I make comics. I grew up reading stuff that used the space of a magazine spread in all kinds of clever ways, I fell in love with the way I can play with layout across a page. I made an entire graphic novel with multiple storylines running in parallel across every page.
A phone can show one or two panels at a time, at best. There’s a lot of stuff you just can’t do. It’s a tiny, limited canvas, even before it gets shitted up with ads and pop ups.
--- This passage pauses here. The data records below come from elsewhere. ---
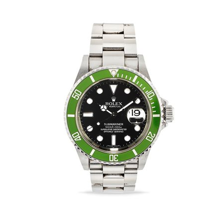 ref. 16610LV, seriale Z5xxxxx, in acciaio, ghiera verde, cassa rotonda, quadrante nero con indici applicati, data al tre, movimento a carica automatica, con astuccio.
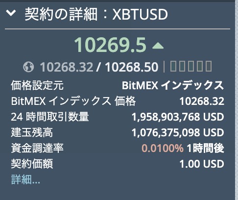 このインデックス価格を市場のビットコイン価格として参照しBitMEX上のビットコイン価格が乖離しすぎていた場合は資金調達率が変動します。
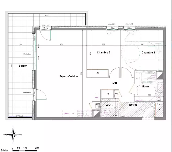 Cet appartement situé au 1er étage est composé d'une entrée avec placard, d'un séjour cuisine de 31.32 m², de deux chambres, d'une salle de bains, d'un WC séparé et d'un beau balcon de 21.58 m² orienté Sud
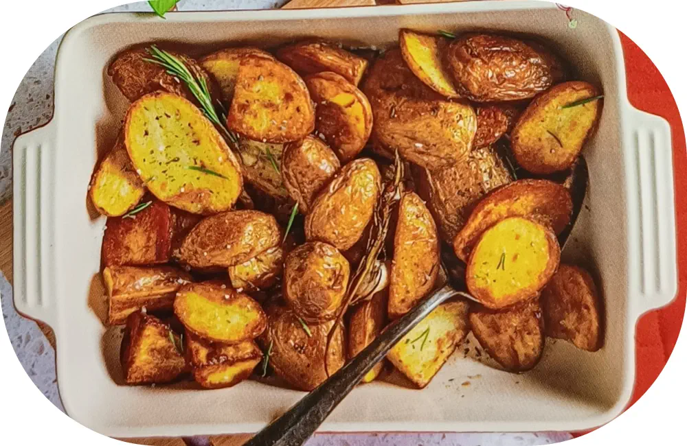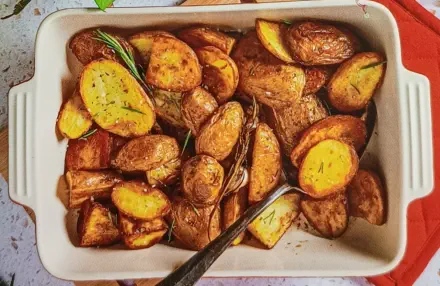 Toss the potatoes with the melted butter, unpeeled garlic cloves and sprigs of rosemary. Sprinkle with salt and pepper and spread the potatoes over the baking dish.
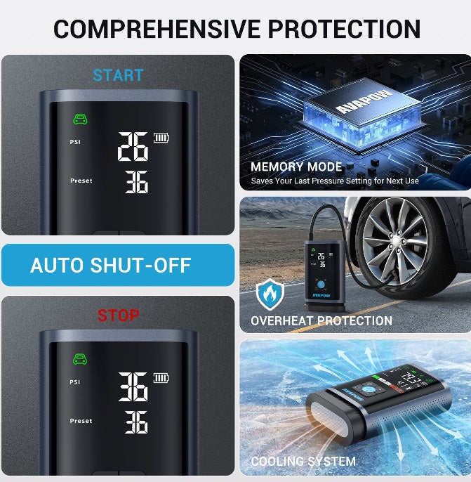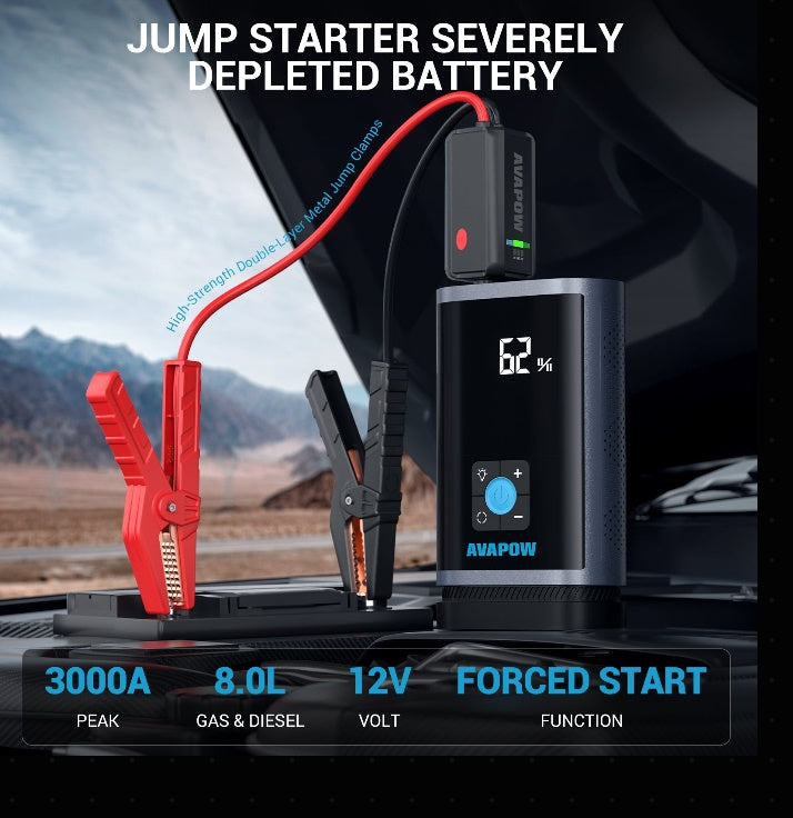 Palaišanas ierīce un gaisa kompresors JP3, 3000A, 16000 mAh, līdz 8,0 L benzīna / 4,5 L dīzeļdzinējiem, 150 PSI, USB-C PD 30 W, LED lukturis, komplektā uzgaļi
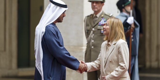 شهد صاحب السمو الشيخ محمد بن زايد آل نهيان رئيس الدولة "حفظه الله"، ومعالي جورجا ميلوني رئيسة وزراء الجمهورية الإيطالية، اليوم، مراسم تبادل اتفاقيات ومذكرات تفاهم بهدف تعزيز التعاون بين دولة الإمارات وإيطاليا في إطار الشراكة الاستراتيجية التي تجمعهما، وذلك في إطار "زيارة دولة" يقوم بها سموه إلى إيطاليا.
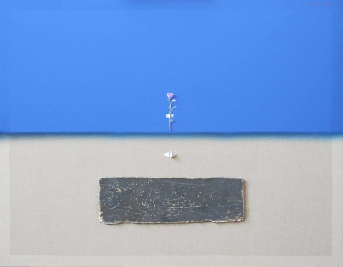 抽象空間(高度情報化社会)と日常の視覚(トロンプ・ルイユ)を同一画面に描き、二つの世界を同時に生きている現実を、表象できればと考えています。
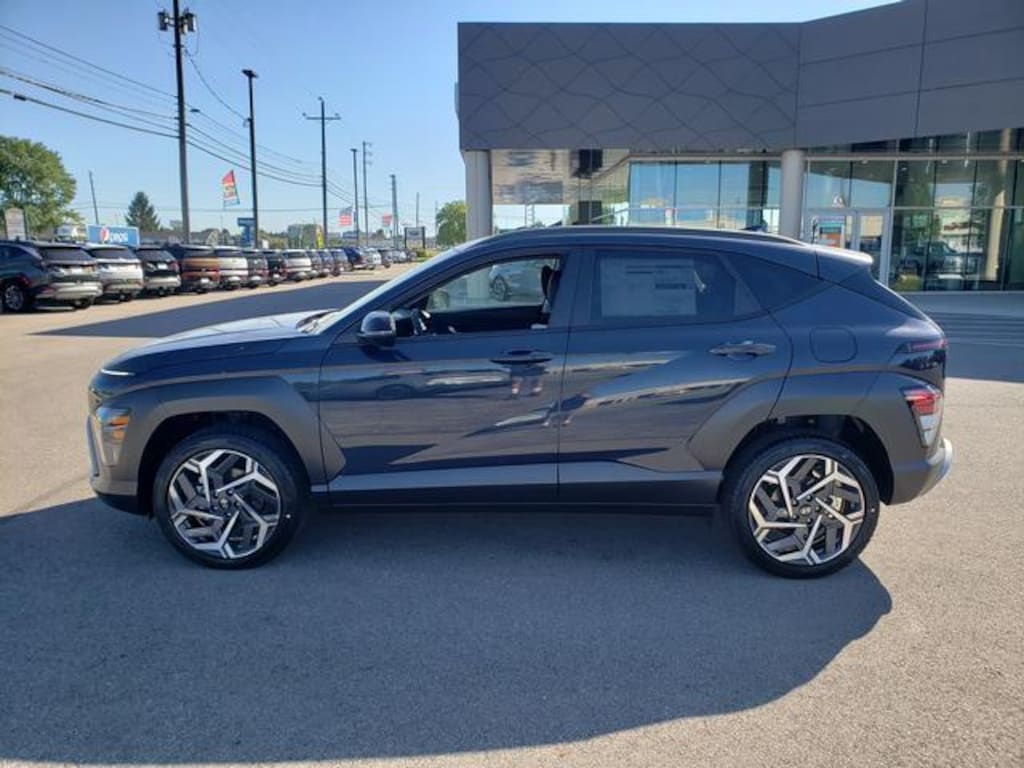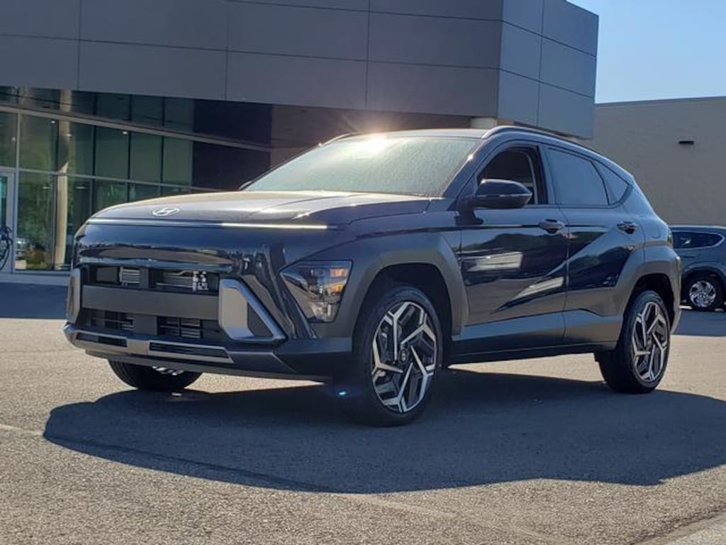 Check out all these great options Option Group 01, 4-Wheel Disc Brakes, 6 Speakers, ABS brakes, Air Conditioning, Alloy wheels, AM/FM radio: SiriusXM, Apple CarPlay & Android Auto, Auto High-beam Headlights, Automatic temperature control, Brake assist, Bumpers: body-color, Cargo Net, Cargo Tray, Carpeted Floor Mats, Delay-off headlights, Driver door bin, Driver vanity mirror, Dual front impact airbags, Dual front side impact airbags, Electronic Stability Control, Emergency communication system: Bluelink+, Exterior Parking Camera Rear, First Aid Kit, Four wheel independent suspension, Front anti-roll bar, Front Bucket Seats, Front Center Armrest, Front dual zone A/C, Front reading lights, Fully automatic headlights, H-Tex Seat Trim, Heated door mirrors, Heated Front Bucket Seats, Heated front seats, Illuminated entry, Leather steering wheel, Lifestyle Hitch, Low tire pressure warning, Occupant sensing airbag, Outside temperature display, Overhead airbag, Panic alarm, Passenger door bin, Passenger vanity mirror, Power door mirrors, Power driver seat, Power steering, Power windows, Radio: AM/FM/SiriusXM/HD Radio Audio System, Rear anti-roll bar, Rear seat center armrest, Rear window defroster, Rear window wiper, Remote keyless entry, Security system, Speed control, Speed-sensing steering, Split folding rear seat, Spoiler, Steering wheel mounted audio controls, Tachometer, Telescoping steering wheel, Tilt steering wheel, Traction control, Trip computer, Turn signal indicator mirrors, Variably intermittent wipers, and Wheels: 19" x 7.5J Black/Silver Alloy. Denim Blue Pearl 2026 Hyundai Kona SEL AWD 8-Speed Automatic I4

I don't think any book could give the feeling of transitions as the webtoon format can, yes, its only a panel (or less!) at a time, but the artist can give a halting thought-by-thought feel of a man on his deathbed, or roll out an entire red carpet of flourishes to introduce a character of nobility
You can't go super transition-heavy in print, because well, printing and pages cost. and people need to move their big hands to flick the pages, there is an expected consumption rate for that effort put in, so even if cost wasn't an issue, people would get fed up with the transitions anyhow.
so yeah, 1 panel at a time, is a bit of a downside, but IMO its also an upside in that one can give each panel its own treatment and such. an infinite vertical strip as one's canvas
- - -
of course, getting all the bits into the right places with the right breathing rooms and the right flow is a true skill in of itself, but, I dunno, is it better to read 1 super good comic, or 100 entertaining enough ones? the bar is lowered by all of this, yes, but is that a bad thing?
I've noticed this smartphone layout in comics before and I recognise the strengths but find it really less enjoyable to read. I have to be constantly scrolling and it's difficult to ever settle into a scene and feel it since they're gone in the blink of an eye. In regular pages that panel is still on the page and/or you can play with panel size and layout to create impact, but I just don't feel it with these scrolling comics.
That being said, I /do/ like the transition thing you mentioned.
I’ve recently started following a few webcomics that are phone first. I’m sure they’ve been around a while, but it was novel to me to have a story set up as a continuous downward scroll. There isn’t as much flexibility as you get with a comic spread, but there are still interesting tricks that contribute significantly to the overall feel and pacing of the story.
Definitely agree with this. They achieve a form of dynamic animation sometimes, where the continuous scroll can "lead" objects on the screen into new scenes which can be really cool. I'd recommend the previous poster to read a couple of episodes, one example I found really cool was this one https://www.webtoons.com/en/thriller/not-even-bones/ep-1/vie...
Works best on the phone where you can have it fullscreen and smooth scrolling.
I love comics like MSPA that use web elements like animation, hypertext, chatlogs, and interactive panels as progressive enhancements on the comic form. But I actually really dislike the scroll comic format.
I don't enjoy fiddling with the scroll position, or things peeking in from the edges, I like a nicely laid out scene and a button or other control that takes me to the next "page" or scene without the fuss that scrolling to the right position adds.
Scott McCloud of Zot fame was an early adopter of the web, I attended a talk from him where he was talking about how frustrated he was that the 3 panel format had persisted to the web, when there were so many ways to use space creatively.
He later adapted that talk for his "understanding comics" Ted talk. Worth a watch if you love the medium
I've got all his books and he's even linked to one of my comics in the past. http://egypt.urnash.com/rita/ if you're curious.
It's pretty cool on a decent-sized screen, it was designed around the size of the iPad I'd just gotten when I started it. Not so cool on a phone. Try it on both and you'll see what I mean.